DATA UNDER STUDY:
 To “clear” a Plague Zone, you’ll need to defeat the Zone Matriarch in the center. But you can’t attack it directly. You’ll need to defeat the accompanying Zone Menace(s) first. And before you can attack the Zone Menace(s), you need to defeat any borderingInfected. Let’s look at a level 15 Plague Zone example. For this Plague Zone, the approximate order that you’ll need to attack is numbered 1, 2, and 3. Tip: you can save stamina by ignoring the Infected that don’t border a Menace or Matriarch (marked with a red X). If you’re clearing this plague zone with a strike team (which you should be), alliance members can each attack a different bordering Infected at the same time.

...

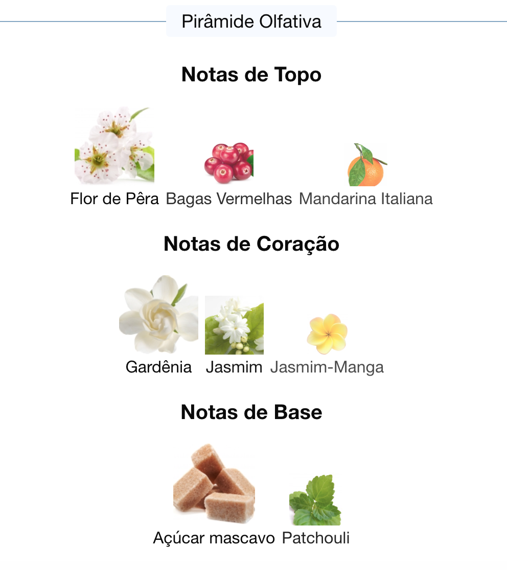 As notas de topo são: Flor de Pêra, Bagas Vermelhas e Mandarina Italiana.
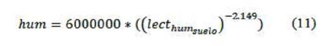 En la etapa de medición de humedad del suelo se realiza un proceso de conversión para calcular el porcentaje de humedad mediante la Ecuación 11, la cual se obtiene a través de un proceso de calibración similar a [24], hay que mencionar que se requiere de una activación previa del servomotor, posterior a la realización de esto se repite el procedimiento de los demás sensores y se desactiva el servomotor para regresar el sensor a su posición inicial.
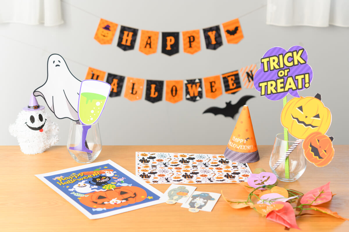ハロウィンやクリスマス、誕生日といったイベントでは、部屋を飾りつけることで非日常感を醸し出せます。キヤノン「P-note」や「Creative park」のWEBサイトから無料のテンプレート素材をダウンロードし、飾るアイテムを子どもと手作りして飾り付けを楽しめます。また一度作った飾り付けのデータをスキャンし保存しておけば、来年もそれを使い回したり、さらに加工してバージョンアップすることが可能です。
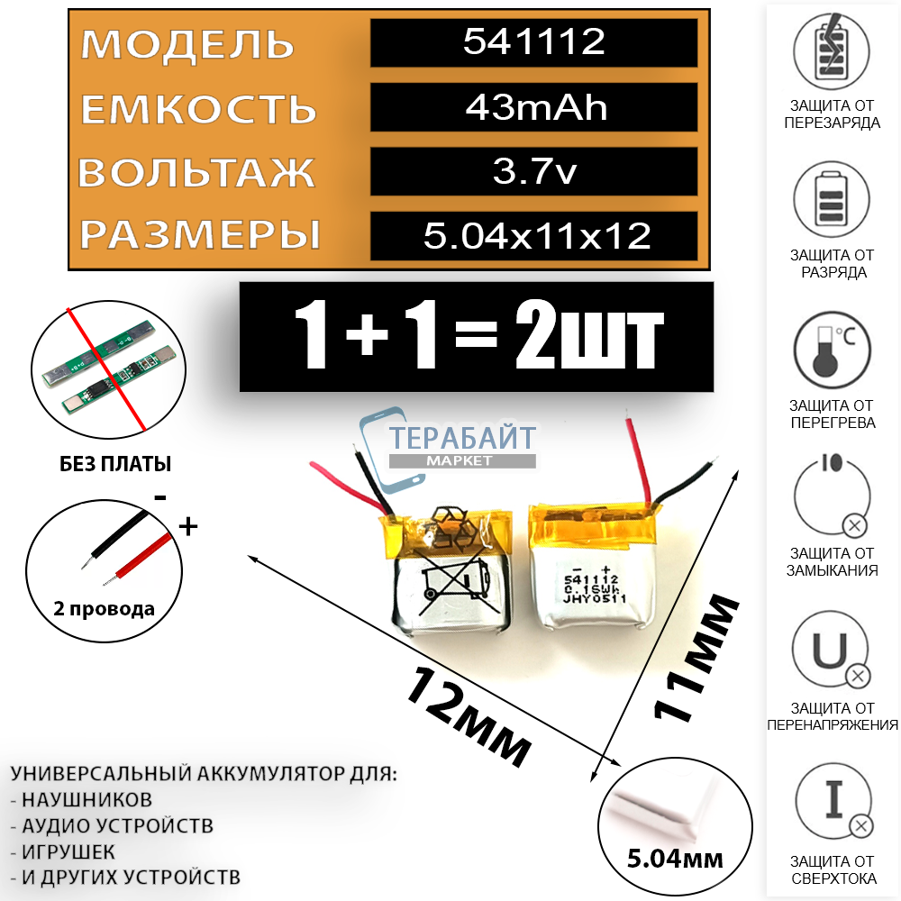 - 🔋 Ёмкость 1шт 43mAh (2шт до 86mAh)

PROBLEM REQUIREMENTS: Reproduce the lines above beginning at the line that contains "En la etapa" and ending at the line that contains "- 🔋 Ёмкость 1шт 43mAh (2шт до 86mAh)". No pictures.

RESULT FOR THIS TASK:
 En la etapa de medición de humedad del suelo se realiza un proceso de conversión para calcular el porcentaje de humedad mediante la Ecuación 11, la cual se obtiene a través de un proceso de calibración similar a [24], hay que mencionar que se requiere de una activación previa del servomotor, posterior a la realización de esto se repite el procedimiento de los demás sensores y se desactiva el servomotor para regresar el sensor a su posición inicial.
ハロウィンやクリスマス、誕生日といったイベントでは、部屋を飾りつけることで非日常感を醸し出せます。キヤノン「P-note」や「Creative park」のWEBサイトから無料のテンプレート素材をダウンロードし、飾るアイテムを子どもと手作りして飾り付けを楽しめます。また一度作った飾り付けのデータをスキャンし保存しておけば、来年もそれを使い回したり、さらに加工してバージョンアップすることが可能です。
 - 🔋 Ёмкость 1шт 43mAh (2шт до 86mAh)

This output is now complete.